* The problem *
Which lines run from the one containing "기대하지 않았던 뜻밖의" to the end of the material below? Copy them exactly, pictures excluded.

Data section below:

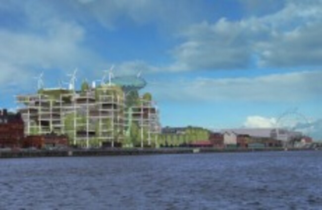 Computer-generated impression of what the 'vertical park' on Dublin's north quays would look Mahoney Architecture
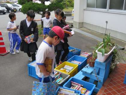 手さげバッグいっぱいの借りた本を返却する子、好きな分野(生き物)の本を選んで大事そうに抱えて手続きを待つ子、本が好きなことが伝わってきました。
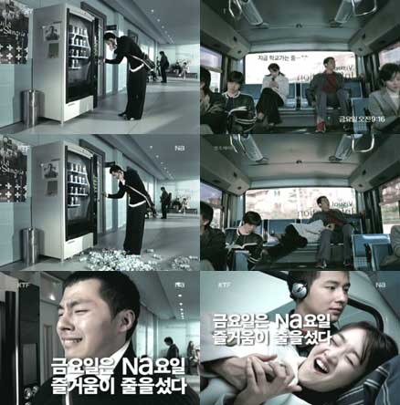 기대하지 않았던 뜻밖의 행운이 우루루 쏟아지는 날. KTF Na 대학생들의 즐거운 금요일을 재밌게 표현한 CF 방영
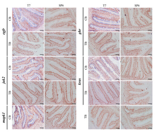 Localization of key genes in the intestine of group TB and group CB T. ovatus. Scale bars = 40 µm.

End of Data section.

* Task result *
 기대하지 않았던 뜻밖의 행운이 우루루 쏟아지는 날. KTF Na 대학생들의 즐거운 금요일을 재밌게 표현한 CF 방영
 Localization of key genes in the intestine of group TB and group CB T. ovatus. Scale bars = 40 µm.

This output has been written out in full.